I mean, who wants to get a mammogram?
For starters, they’re painful. Putting our girls between two sheets of glass and then having them pressed down flat like an orange in a juicer is a practice that would impress Torquemada, and surely must be forbidden by the Geneva Convention.
Whenever I’m locked in that contraption, I keep hearing the ubiquitous mom voice in my head saying, “If you cross your eyes, they’ll stay that way”, and getting visions of living out the rest of my life with boobs shaped like the two-dimensional prison from Superman. Beyond the pain and irrational fear of mutilation, mammograms are just plain awkward, from the robes that tie in the front to the cold little pit wipes you have to use because you forgot the ‘no deodorant’ directive.

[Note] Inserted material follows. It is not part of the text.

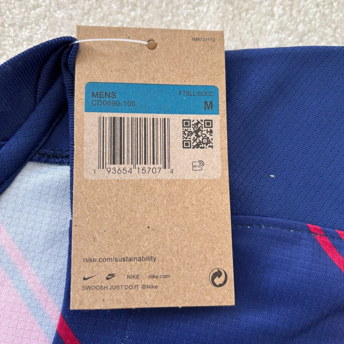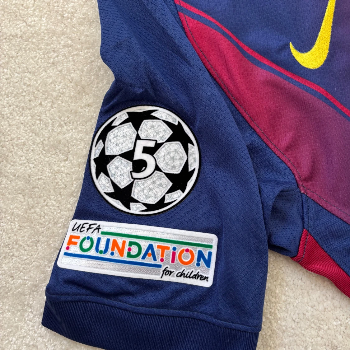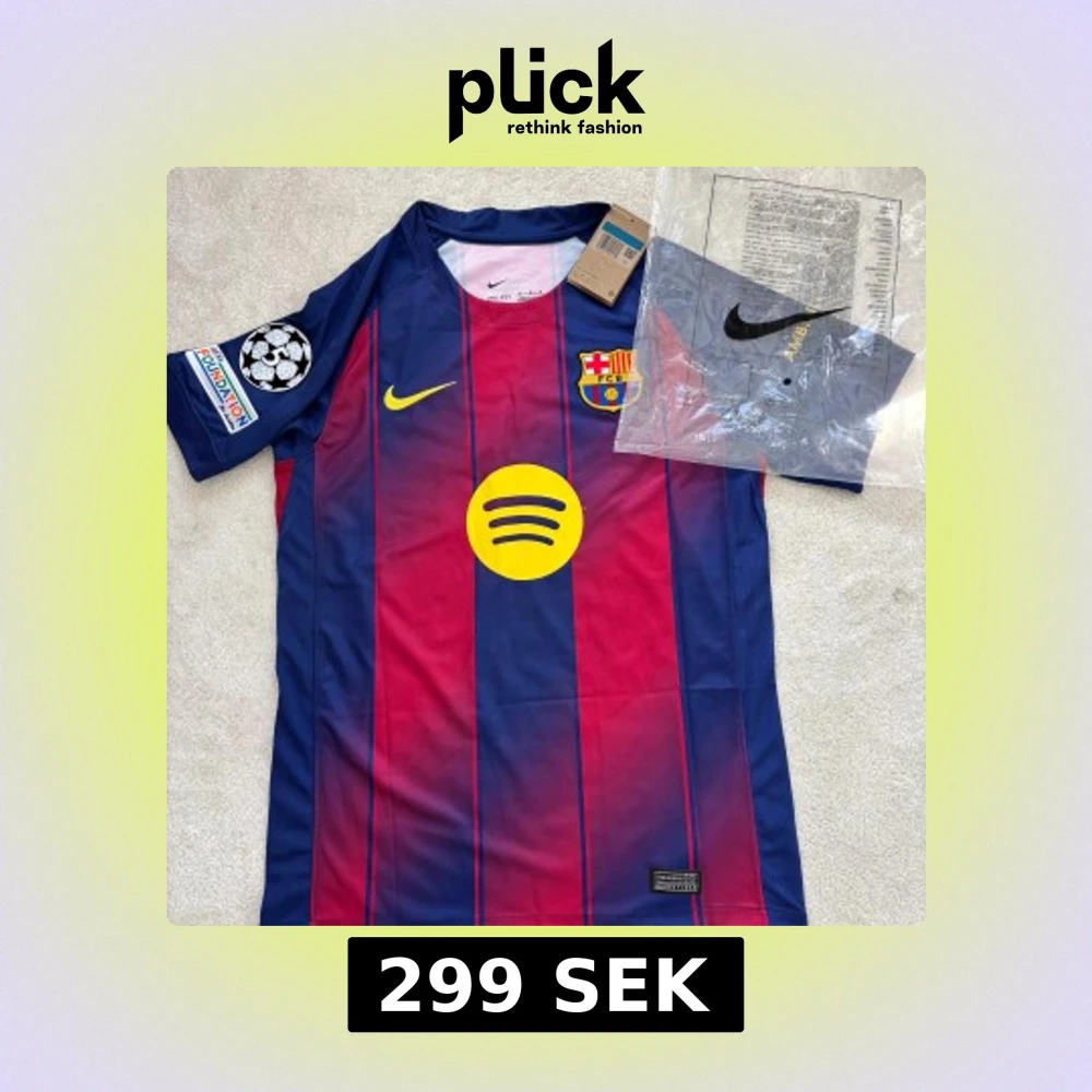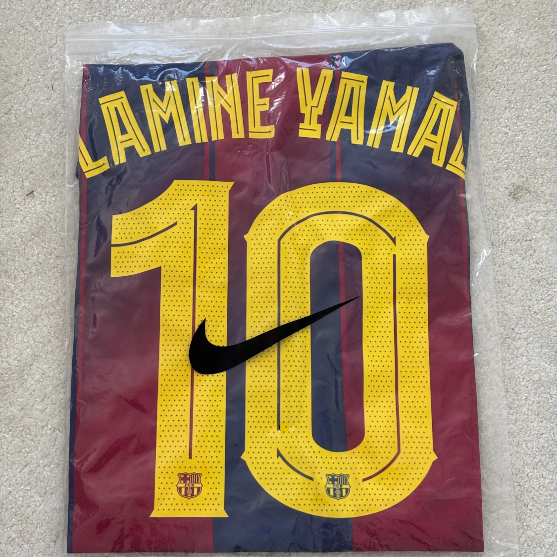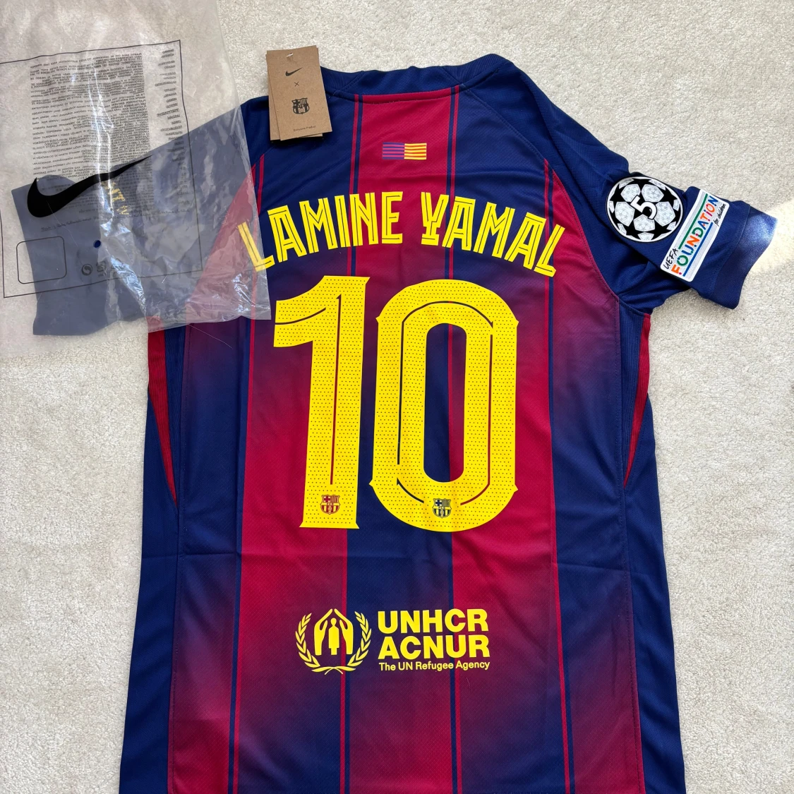 Snygg FC Barcelona matchtröja med Lamine Yamal och nummer 10 på ryggen. Tröjan är kortärmad, har klassiska blå och röda ränder, gula detaljer och klubbmärke på bröstet. Tillverkad i lätt polyester med Champions League och Foundation-patch på ärmen.

In our belted-and-tucked society we only show boobs under very specific conditions, and in burger commercials.
It’s quite disarming to suddenly cast aside our proprieties and bare it all to a stranger, whose job it is to lady handle our breasts like a meat packer. Yet despite all of these entirely legitimate beefs, I have a confession to make, one that will forever out me from this comfortable closet I’ve been keeping residence in ever since my first mammogram in 2012.
Ahem.
I like mammograms.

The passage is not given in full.